西暦263年5月、司馬昭は、劉禅のおさめる蜀討伐勅令を発した。
そして、その4か月後の秋に、長安を軍が進発する。
司令官は、鍾会。
攻撃対象は、漢中である。
この時、政争に敗れ沓中にあった蜀将・姜維は、防衛のため、関城を経て、陽平関と通過し漢中へと向かうルートをたどろうとするが、途中、敵将・鄧艾に足止めを受けた上、通り道となる関城が敵の手に陥ちてしまう。
関城で、味方の蒋舒が、寝返ったのだ。
姜維は、間に合わなかった。
漢中は、鍾会の手に落ちた。
しかし、蜀の守りには、まだ天然の要害・剣閣がある。
鍾会の軍勢10万余人は、ここで足止めを受けることとなった。
50年前、城を囲んだ劉備と同じような状況。
この状況を、どう突破したか?
それは、67歳の老人の命がけの行軍であった。
老将・鄧艾が、3万人の兵をもって、冬も近づく10月から11月の標高1000メートル~2400メートルの四川省の山岳地・・・しかも、道なき道を、無理やり踏破したのである。
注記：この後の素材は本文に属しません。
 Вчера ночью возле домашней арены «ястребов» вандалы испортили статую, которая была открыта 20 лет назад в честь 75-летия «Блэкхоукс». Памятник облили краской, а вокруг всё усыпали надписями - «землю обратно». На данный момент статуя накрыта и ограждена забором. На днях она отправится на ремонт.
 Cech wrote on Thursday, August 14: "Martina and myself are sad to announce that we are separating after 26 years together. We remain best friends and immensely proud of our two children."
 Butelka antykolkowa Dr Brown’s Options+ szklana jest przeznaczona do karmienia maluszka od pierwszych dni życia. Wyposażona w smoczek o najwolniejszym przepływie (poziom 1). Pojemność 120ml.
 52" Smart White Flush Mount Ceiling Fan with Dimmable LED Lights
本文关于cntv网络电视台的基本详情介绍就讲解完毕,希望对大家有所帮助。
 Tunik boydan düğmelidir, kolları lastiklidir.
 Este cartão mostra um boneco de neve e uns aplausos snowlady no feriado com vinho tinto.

これにより、江油という成都をうかがう位置に、いきなり3万の兵隊が現れることになる。
俗にいう「中入り」奇襲。
しかし、この作戦、日本でいうと、義経と信長くらいしか成功させたことのない特殊な戦法である。
すなわち、一ノ谷の戦いと桶狭間。
のちの、小牧・長久手においては、池田恒興や森長可らが、この作戦を失敗し、秀吉は、家康に対し敗戦に近いイメージをもたれる外交的講和を余儀なくされた。
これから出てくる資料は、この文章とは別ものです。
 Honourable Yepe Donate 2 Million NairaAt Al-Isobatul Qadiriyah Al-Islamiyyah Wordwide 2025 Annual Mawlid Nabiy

あるいは、賤ヶ岳の戦いの佐久間盛政の中入り奇襲失敗が、柴田勝家の命運を断った。
このように、「中入り」奇襲は、失敗する確率が高く、失敗すれば、全軍の敗北や、大きな過根につながりかねない。
しかも、鄧艾の行軍は、作戦規模が違う。
移動距離も10倍以上であり、高低差1400メートルの行軍は、日本では、おそらく「八甲田山の遭難」くらいしか、軍として比較対象がないのではなかろうか?
すなわち、鄧艾率いる3万人の部隊は、行軍そのもので全滅する危険を冒し、これを成功させたとしても、その後の戦闘で、蜀の後方部隊により壊滅させられるリスクを冒して、「中入り」を行ったのだ。
このことを考えると、50年前に、より兵数の少ない劉備軍が、張任の守る雒城を放置して、間道づたいに成都を突く「中入り」奇襲は、あまりにリスクが高い。
法正が、「荊州より将兵を呼ぶべき」としたことは、きわめて現実的な提案であったと言えるだろう。
◆ ◆ ◆ 雒城の落城 ◆ ◆ ◆
荊州より、諸葛亮が、張飛や趙雲を率いて劉備の元に向かったのは、劉璋と手切れして間もなくであった。
趙雲は、江州で分かれ、江陽・犍為を平定。
張飛は、巴西に向かい、これを降伏させた。
諸葛亮は、徳陽を平定し、柏下での決戦も勝利した。
劉備らの攻める雒城の手足となる要所、そして劉璋の派遣する将を、次々と撃破したのである。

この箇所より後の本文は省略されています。